Topological Boundary Constraints in Artificial Colloidal Ice
Carolina Rodr\'iguez-Gallo, Antonio Ortiz-Ambriz, Pietro Tierno

TL;DR
This paper demonstrates through simulations and experiments that boundary engineering in colloidal artificial ice can control bulk behavior, induce rapid ground state formation, and create bistable states or topological strings.
Contribution
It introduces boundary design as a method to manipulate bulk states and topological features in artificial colloidal ice systems, a novel approach in frustrated microstructures.
Findings
Boundaries can rapidly induce the ground state in colloidal ice.
Defects at corners create bistable states and topological strings.

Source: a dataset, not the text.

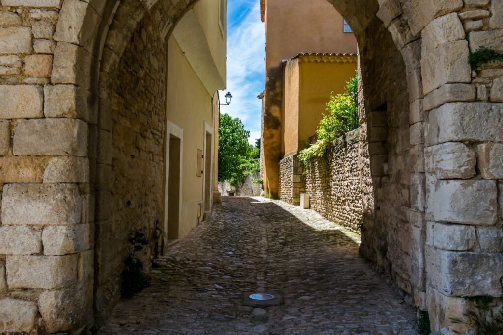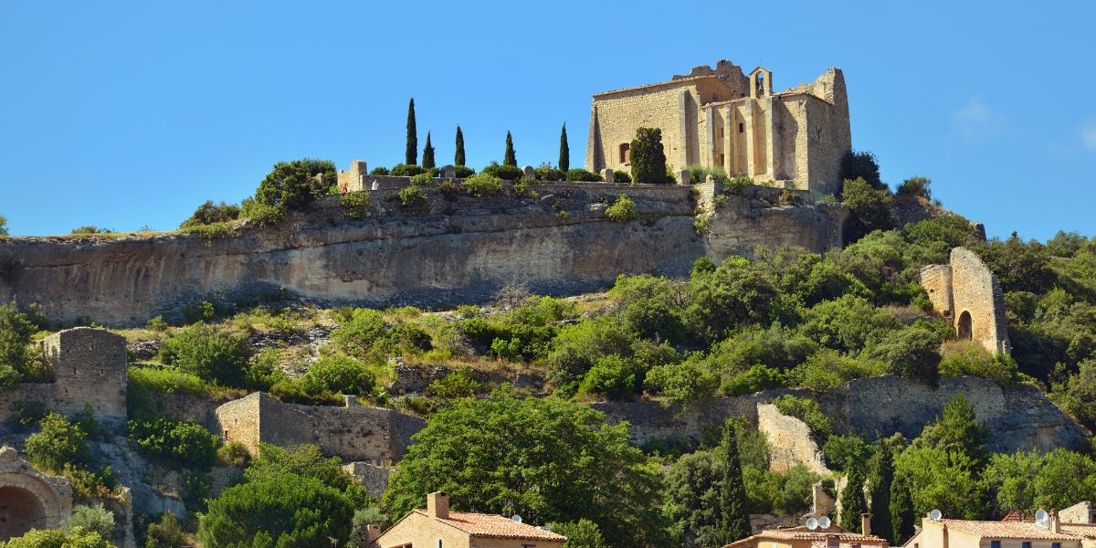 Walk up through the cobbled streets to the castle ruins, where panoramic views stretch across the Monts de Vaucluse, the Colorado Provençal, the Grand and Petit Luberon, and even the Alpilles on clear days.

Boundary engineering can be applied to other micro and nanostructures.
Abstract
The effect of boundaries and how these can be used to influence the bulk behaviour in geometrically frustrated systems are both long-standing puzzles, often relegated to secondary role. Here we use numerical simulations and "proof of concept" experiments to demonstrate that boundaries can be engineered to control the bulk behavior in a colloidal artificial ice. We show that an antiferromagnetic frontier forces the system to rapidly reach the ground state (GS), as opposed to the commonly implemented open or periodic boundary conditions. We also show that strategically placing defects at the corners generates novel bistable states, or topological strings which result from competing GS regions in the bulk. Our results could be generalized to other frustrated micro and nanostructures where boundary conditions may be engineered with lithographic techniques.